The design calls for a public promenade, lined with 70,000 sq. ft. of retail on all sides, as well as open space north of the bridge. In a nod to the property's industrial past, the team will restore the 19th-Century Architectural Terra Cotta Co. office building on the site and install a kiln spire statue on the promenade.

Silvercup has already tapped Tishman Construction of New York as construction manager. Preliminary site work is scheduled to begin in early 2008, with completion expected in 2012. Construction of the new facilities at Silvercup West is expected to generate 2,000 construction jobs and 4,000 permanent jobs in the neighborhood.

The new studios will be the company's third location.

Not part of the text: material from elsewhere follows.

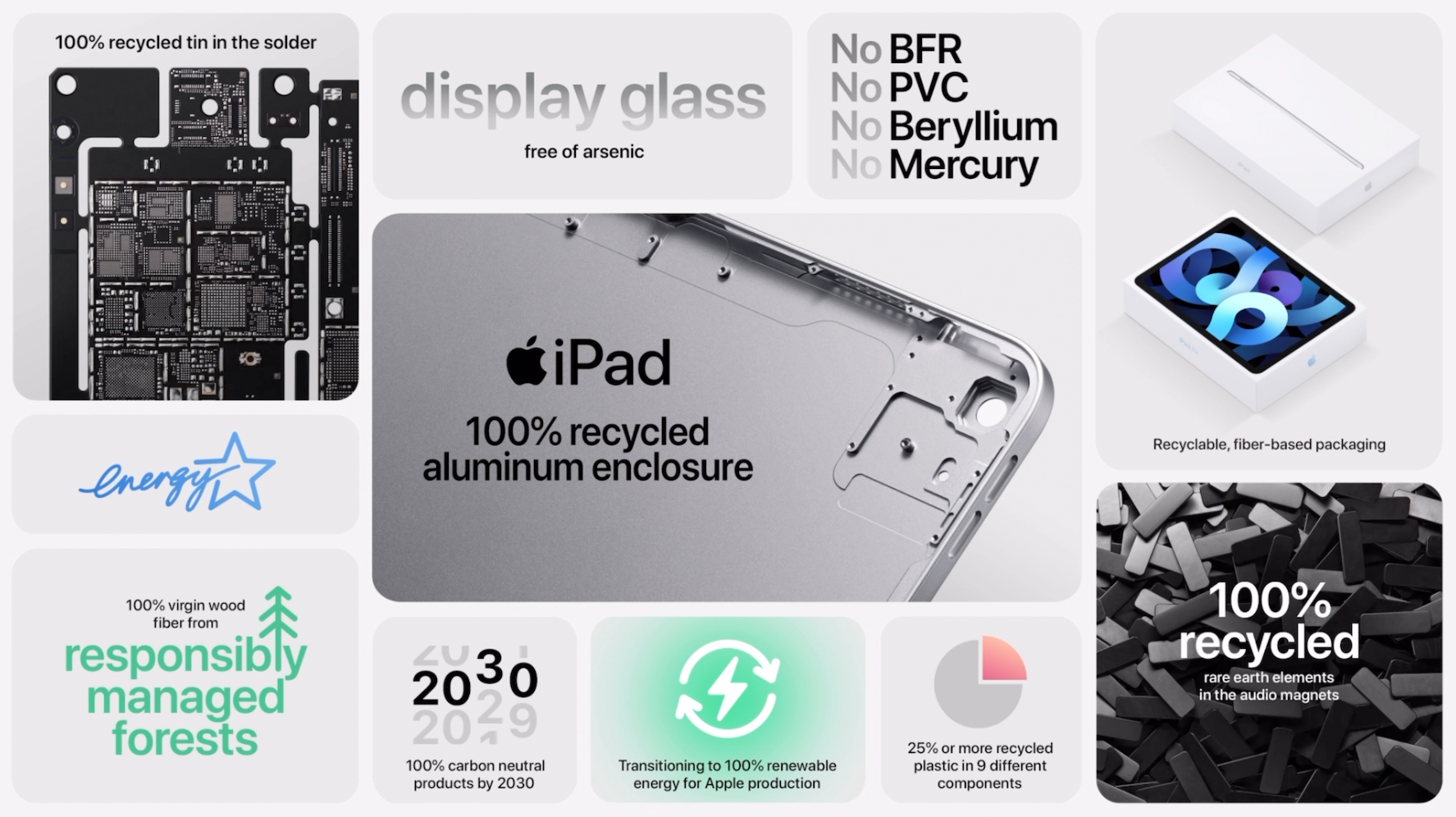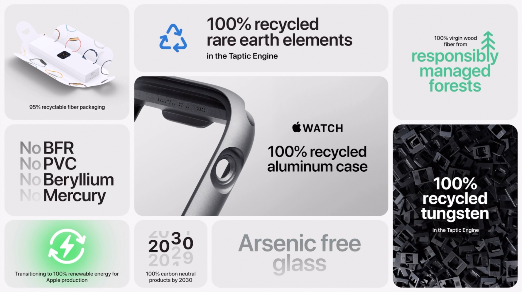 제품을 만드는 소재에도 환경을 고려한 소재가 사용되고 있습니다. 100% 재활용 알루미늄 사용, 애플워치 시리즈6에 들어간 탭틱엔진은 100% 재활용한 희토류 원소와 텅스텐을 사용했습니다. 그리고 환경에 안좋은 BFR, PVC, 베릴륨, 수은을 애플은 사용하지 않고 있고 디스플레이 유리에도 비소를 사용하지 않는 철저함을 보여주고 있습니다. 포장재도 재활용된 자원이거나 책임 있게 관리된 숲에서 얻는다고 합니다.

Originally founded in 1983 on the site of the Silvercup Bakery, the company has two facilities in Queens with 400,000 sq. ft. of studios on 18 soundstages, offering space to TV shows such as HBO's "The Sopranos".

Suna said Silvercup has offered the cultural space in the planned base structure to Queens-based arts institutions such as the Isamu Noguchi Garden Museum and Socrates Sculpture Park.

Fourth Design for Moynihan Station

An affiliate of the Empire State Development Corp. this spring unveiled the fourth version of designs of a project to convert the James A. Farley Post Office Building in Manhattan's West Midtown area into the planned $818 million Daniel Patrick Moynihan Station.

Designed by David Childs of New York-based Skidmore, Owings and Merrill, the plan revises train and intermodal halls that will be used by New Jersey Transit and Long Island Rail Road. Another change from a design unveiled last fall removes an undulating glass roof in favor of a convex, barrel-vaulted shape instead.

The new station will connect to Pennsylvania Station, which is across Eighth Avenue under Madison Square Garden and already handles 550,000 people daily.

The development corporation, which bought the Farley Building for $230 million from the United States Postal Service, is still mapping out final details for the space, which will house a 300,000-sq.-ft. station with 100,000 sq. ft. of retail, 250,000 sq. ft. of space for the post office, and a 750,000-sq.-ft. commercial component.

The corporation last year selected a joint venture of the Related Cos. and Vornado Realty Trust, both based in New York, to develop the project. Those firms also will be able to use transferred air rights from the Moynihan complex to develop a new 1-million-sq.-ft. building diagonally across from the station on the northeast corner of Eighth Avenue and 33rd Street.

The new design is slated for review this year by various agencies, including the state's Public Authorities Control Board.